Um rumor vindo de trás faz desaparecer o vinho e a cigarrilha, mas nem viro a cabeça. O rumor vai crescendo e ouço nitidamente o clamor das pedras esmagadas por sapatos pesados. O halo aparece primeiro imediatamente seguido de uma figura de capuz. Só vejo uma silhueta preta na parca luminosidade. Senta-se a meu lado, mas a alguma distância. O medo não vem porque nem penso nele, estranhamente sinto-me seguro. Olho pela canto do olho e vejo uma mão nitidamente feminina a pousar-se sobre os joelhos.
Escondo-me da vigia rodo a cabeça e observo com detalhe a mão. Nunca me impressionei por mãos, são meros apêndices, criados para cumprir ordens, as obreiras da razão. Mas estas sorriem-me. Brancas, alvas contra o fundo negro, esfíngicas guardam o charme numa imobilidade graciosa.
-Tenho frio.- o meu coração irrompe de surpresa com a voz que me atinge. Recuo para o interior da minha casca amedrontado.
Quando o silêncio volta a reinar eu saio lentamente para a noite. Faz frio. Na solidão estava bem a ouvir o rio lamentar-se, mas agora algo me puxa a garganta, silêncio torna-se insuportável e preciso de falar. Mas nada sei dizer.
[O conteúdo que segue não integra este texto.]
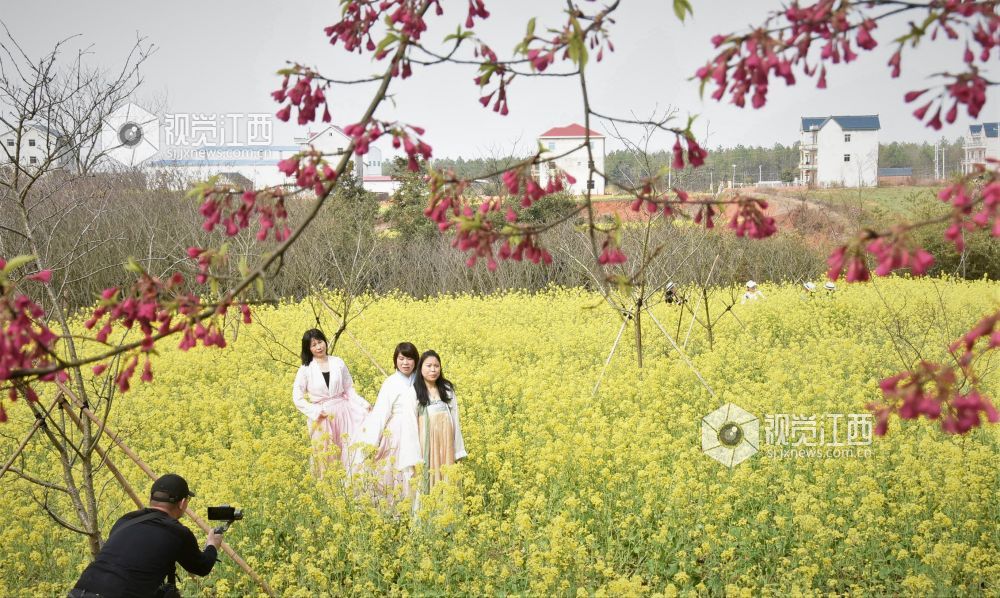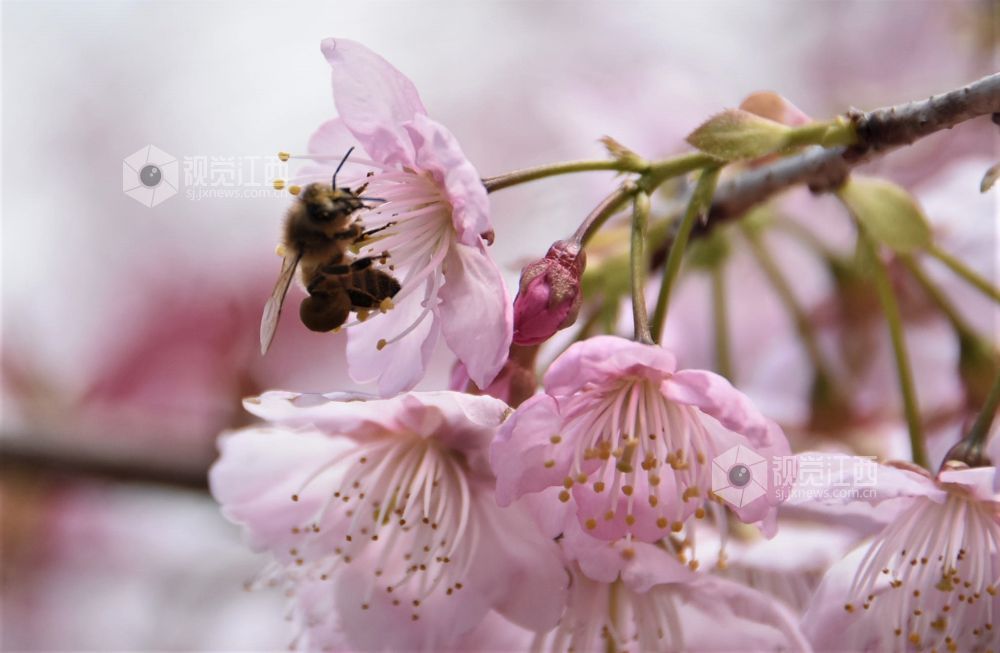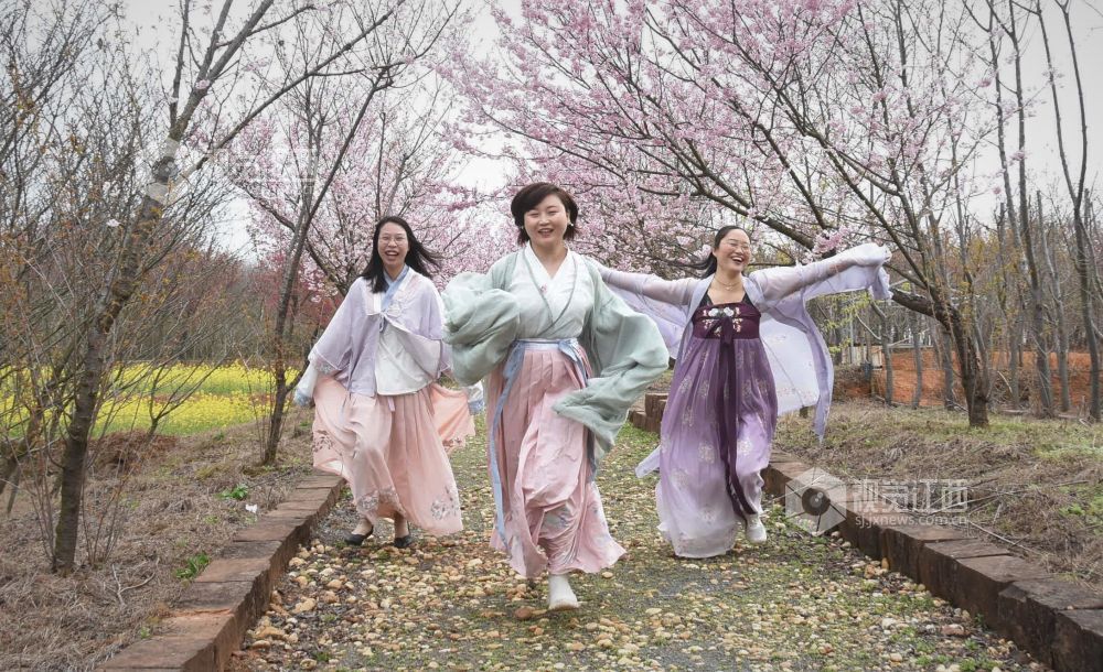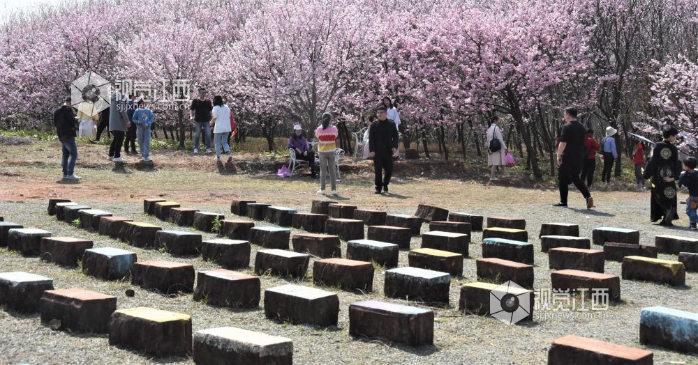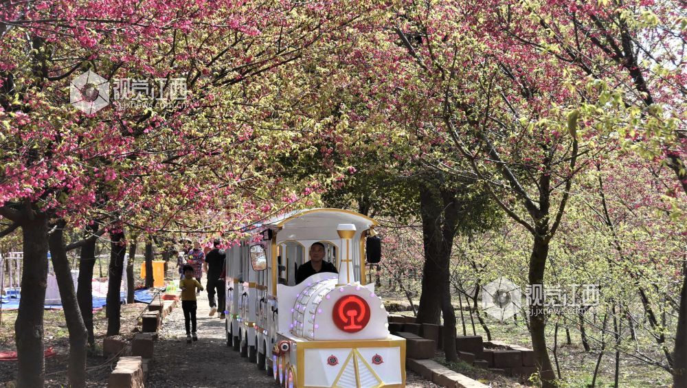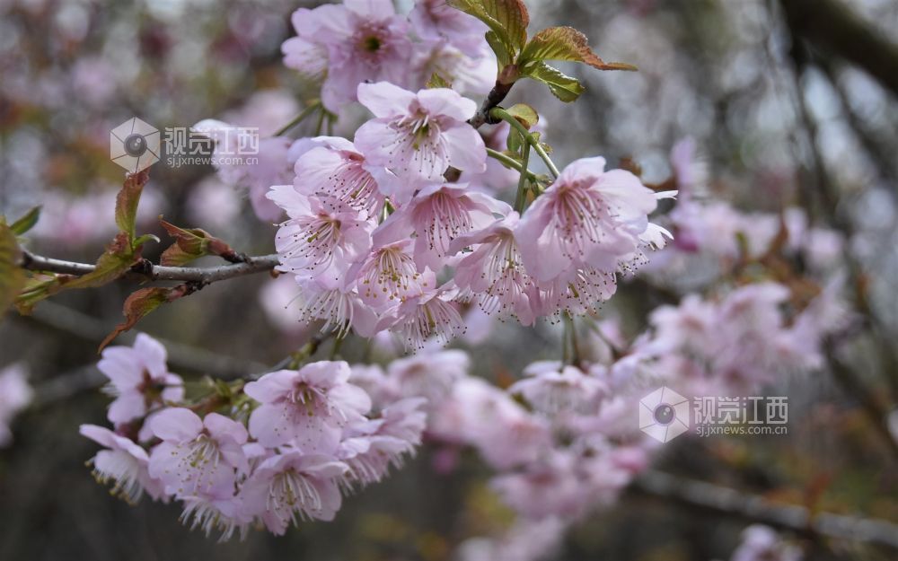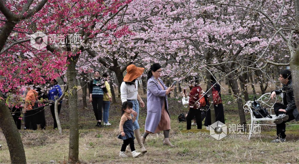 2022年3月5日,江西省鄱阳县饶丰樱花园各种樱花在暖阳下竟先绽放,美景如画。吸引大批游人观景赏花、拍照。

Deixo escapar um «Olá». Ridiculo, uma idiotice. Não haveria algo mais inteligente para dizer do que um "olá"? Para meu alívio uma resposta surge.
-Não sei um nome para te dar, mas podemos fingir que já nos apresentamos e continuar...
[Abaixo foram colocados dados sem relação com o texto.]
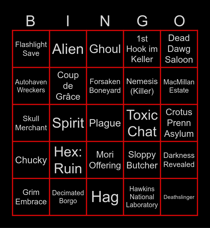 This bingo card has 130 words: 3-Gen-Chase, Alien, Artist, Billy, Blight, Bubba, Chucky, Clown, Deathslinger, Demo, Doctor, Dracula, Knight, Dredge, Freddy, Ghostface, Hag, Houndmaster, Huntress, Legion, Michael Myers, Nemesis (Killer), Nurse, Oni, Pig, Pinhead, Plague, Pyramid Head, Sadako, Singularity, Skull Merchant, Spirit, Trapper, Trickster, Twins, Unknown, Vecna, Wesker, Wraith, Slugger, Toxic Chat, 2x Uwe nacheinander, Jemand escaped durch die Luke, Candy wird beim Verstecken erwischt, Franz verwechselt Perks, Scourge Pain Resonance, Corrupt Intervention, Hex: Ruin, NOED, Sloppy Butcher, Hit & Run Killer, Grim Embrace, Hex: Blood Favour, Hex: Pentimento, BBQ & Chilli, Pop, High Ping Killer, Jemand wird gemori'ed, Michael Myers mit Full Tombstone, Face-Camp-o-meter ist voll, Wir haben uns ge-3-Gen'ed, Ken vermasselt das Dead Hard Timing, Cheating Killer, Nowhere to Hide, Weave Attunement & Franklin's, Flashlight Save, Map Offering, Killer DC'ed, MacMillan Estate, Autohaven Wreckers, Coldwind Farm, Crotus Prenn Asylum, Haddonfield, Backwater Swamp, Léry's Memorial Institute, Red Forest, Springwood, Gideon Meat Plant, Yamaoka Estate, Ormond, Hawkins National Laboratory, Dead Dawg Saloon, Midwich Elementary School, RPD, Forsaken Boneyard, Whithered Island, Decimated Borgo, Dvarka Deepwood, Wholesome Killer im Chat, Pallet Save, 4k bei 5 Gens an, Sacrificial Ward, Mori Offering, Jemand wird gehumped, Proxi-Camping Killer, 3x die gleiche Killerfigur nacheinander, 4k bei 0 Gens an, Ghoul, Coup de Grâce, Jemand fliegt aus der Lobby / muss neustarten, Jemand spielt mit dem Surv, der eigentlich nur gelevelt wird (Upsi), Agitation, 1st Hook im Keller, Jemand wiggled sich frei, Bamboozle, Blood Warden, Darkness Revealed, Dead Man's Switch, Deadlock, Dissolution, Spirit Fury & Enduring, Eruption, Forced Hesitation, Hex: Devour Hope, Mori durch Hex: Devour Hope, Hubris, I'm All Ears, Insidious, Full Aura-Build des Killers, Lightborn, Make Your Choice, Rancor, Spies from the Shadows, Starstruck, Superior Anatomy, Thanatophobia, Tinkerer, Unbound, Zanshin Tactics and Predator.

-Continuar? pergunto ainda entorpecido pelo medo.
-Não gosto deste sítio. Olhar o rio faz-me querer partir. Faz-me pensar com seria fácil.
-Porque não o fazes?
-Talvez me chame Beatriz , mas ainda não sei. Talvez me chame Bia.
Viro de novo a cara ao seu encontro, tento traçar um perfil através do pano escuro.
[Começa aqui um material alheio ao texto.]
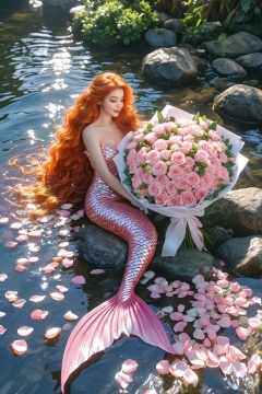 kinghere mryhh,1girl,solo,pink mermaid,long hair,looking at viewer,smile,holding,bare shoulders,sitting,flower,red hair,outdoors,water,orange hair,petals,rose,leaf,wavy hair,pink flower,curly hair,rock,bouquet,holding flower,scales,mermaid,head fins,pink rose,holding bouquet,fins,,<lora:kinghere mryhh xl:0.8>, cinematicstunning contrasts and shadow,introspection,8k,Photography,super detailed,hyper realistic,masterpiece,Depth of field,bright color,Super lightsensation,caustic,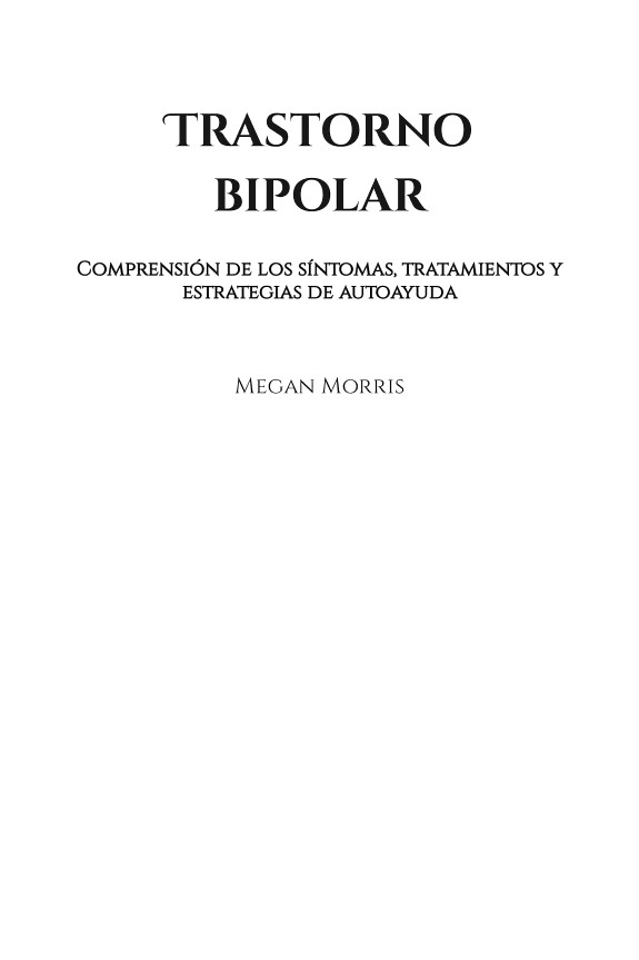 Trastorno bipolar Desvele los misterios del trastorno bipolar con esta guía definitiva, que ofrece una exploración exhaustiva de esta afección a menudo incomprendida. Este recurso esencial profundiza en las complejidades del Trastorno Bipolar, proporcionando claridad y comprensión para cualquier persona afectada o interesada en aprender más sobre él. En su interior, descubrirá los síntomas del Trastorno Bipolar en las diferentes etapas de la vida y explorará las opciones de tratamiento más eficaces y las estrategias de autoayuda disponibles en la actualidad. Ya sea que esté tratando su propia enfermedad, apoyando a un ser querido o sea un profesional de la salud en busca de información actualizada, esta guía lo equipa con el conocimiento necesario para enfrentar los desafíos únicos asociados con el trastorno bipolar. Más allá de la educación, este libro dota a los lectores de herramientas para el crecimiento personal y la recuperación. Aprenda a reconocer los cambios de humor y de comportamiento, comprenda el papel fundamental de los sistemas de apoyo e incorpore ajustes en el estilo de vida que pueden mejorar significativamente la vida diaria y los resultados a largo plazo. Adquiera los conocimientos, las estrategias y la compasión necesarios para transformar los retos en oportunidades de resiliencia y crecimiento. Esta guía es un recurso valioso para aportar claridad y esperanza al tratamiento del trastorno bipolar. Comience hoy mismo su viaje hacia una vida equilibrada y plena.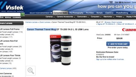Przez ostatnie dni Internet opanowała mania genialnych zamykanych kubków wyglądających, jak słynne szare obiektywy z serii ?L? Canona. Gadżet był rozdawany na Zimowej Olimpiadzie w Kanadzie przez lokalny oddział Canona. 8 marca pisaliśmy, że pewien fotograf z Kanady kupił 2 egzemplarze kubków w lokalnym sklepie. Przedstawiciele sklepu twierdzili, że szary termos trafi niebawem do sklepów. Nie pomylili się.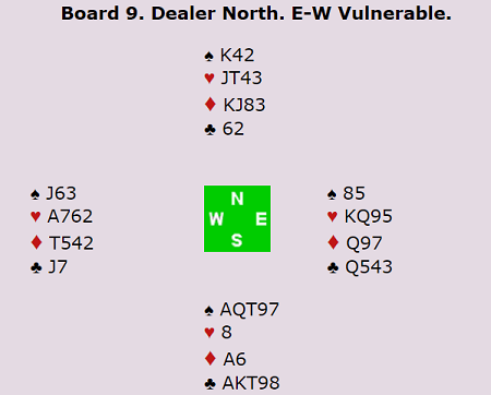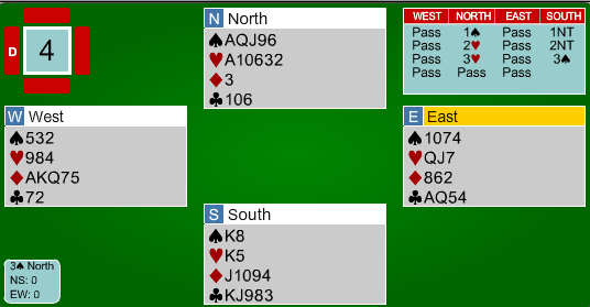 I neste spill fikk vi se et klassisk eksempel på at lilleslem i minor av og til kan være en bedre kontrakt enn 3 grand: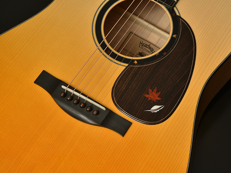 ボディに施したカラーリングは日本の四季の中でも一際情緒のある「秋」をイメージしたオリジナルグラデーションカラー。木材そのもののナチュラルな色から紅葉を思わせる朱色にグラデーションしていきます。ボディ全体の柔らかい暖色を、指板、サウンドホールロゼッタ、ピックガード、ブリッジのエボニーのナチュラルカラーが引き締めます。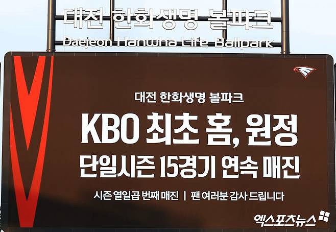 (엑스포츠뉴스 대전, 조은혜 기자) 한화 이글스가 KBO 15경기 연속 매진이라는 대기록을 작성했다.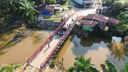 Jembatan Bailey tersebut menghubungkan perbatasan Desa Besilam Bukit Lembasa dengan Desa Banjaran Raya, Kecamatan Padang Tualang, sebagai akses vital masyarakat pascabencana untuk mendukung aktivitas sosial dan perekonomian warga.

-Não foste tu que te baptizaste, ou sequer escolheste que te chamassem josé, antónio, manel.Tudo porque não és tu que te chamas.
Sorrio e respondo a frase que tantas vezes me repeti.
-Mas podes dar-te nome, escolher um diferente todos os dias, mudá-lo conforme a tua disposição. É o teu nome não o que te chamam. Hoje chamo-me Ricardo.
O silêncio responde-me pesadamente. Estiquei-me demais sem testar a segurança primeiro, consigo ver a respiração plena de raiva a diluir-se no ar.
-Gosto deste sitio, tento eu amenizar, Só aqui eu sou verdadeiramente, aqui quando o rio me falo, o ar negro me ouve os lamentos e ninguém faz menos de mim.
Num segundo o vulto levanta-se e apressa-se a ir embora. O vento irritado com a isolência descobre-lhe a cabeça e vejo o negro dos cabelos a esvoaçar irritados. Já vai longe agora. Mas sei que voltará.